Published:
September 5, 2025

The Cost of CIMT Testing: Investment in Prevention vs. Cost of Treatment

Discover the cost of CIMT testing and why it’s a smart investment in prevention compared to the high expenses of stroke and heart disease treatment.

Table of contents

Doctors have long relied on tools like the Framingham risk score to estimate a person’s likelihood of developing heart disease. While helpful, this score doesn’t capture every risk factor, especially early artery buildup that hasn’t yet caused symptoms.

The need for earlier detection is growing. In 2021 alone, heart and blood vessel conditions led to 4.7 million hospitalizations in the US, totaling $108 billion in healthcare costs. By 2030, that figure could rise to $131.3 billion.

Carotid intima-media thickness (CIMT) testing offers a way to spot artery disease early.

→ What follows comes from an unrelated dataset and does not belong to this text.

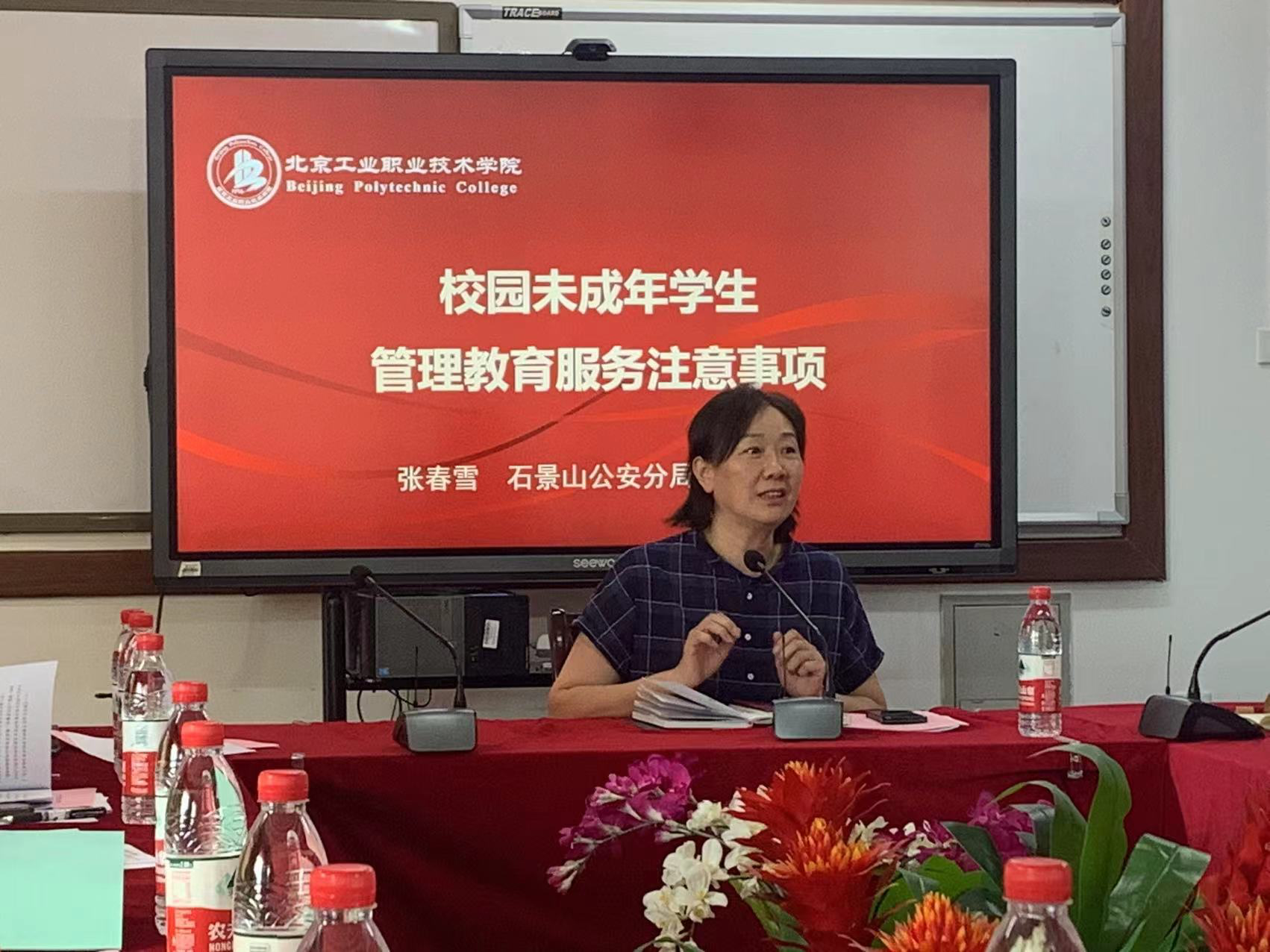 石景山公安分局駐校警官張春雪講解校園未成年學生管理服務注意事項,要求加強學生法制意識,提高自我保護能力,校地協同配合,共同做好學生安全工作。

One study showed that CIMT measurements above 1.069 mm in women and 1.153 mm in men were closely linked to coronary artery disease, which is the most common type of heart disease in the US.

This article explores how CIMT testing could help you catch heart disease early and compares the cost to the much higher expense of treating advanced conditions.

Key Takeaways

  • CIMT test uses ultrasound to detect thickening in the carotid artery walls, often before symptoms or major blockages occur, making it a valuable tool for early cardiovascular risk assessment without involving radiation or invasive procedures.
  • CIMT results are best interpreted using age-, sex-, and race-based percentiles to give a clearer picture of your actual cardiovascular risk, especially since normal CIMT varies across populations.
  • CIMT testing is recommended for individuals who haven’t yet been diagnosed with heart disease but fall into the intermediate-risk category.
  • Studies like ARIC, Rotterdam, and CAPS consistently show that increased CIMT correlates with higher chances of heart attack and stroke, and the association is sometimes even stronger in younger adults under 50.
  • Even a 0.1 mm rise in CIMT can significantly elevate your odds of cardiovascular events, which reinforces the value of detecting even modest wall thickening.
  • A single CIMT test typically costs $200-$330 out of pocket, whereas a single heart attack can lead to tens of thousands in medical bills.
  • Major health insurers typically don’t reimburse for CIMT tests. This is largely because major medical guidelines haven’t issued firm recommendations in favor of routine use despite substantial clinical evidence.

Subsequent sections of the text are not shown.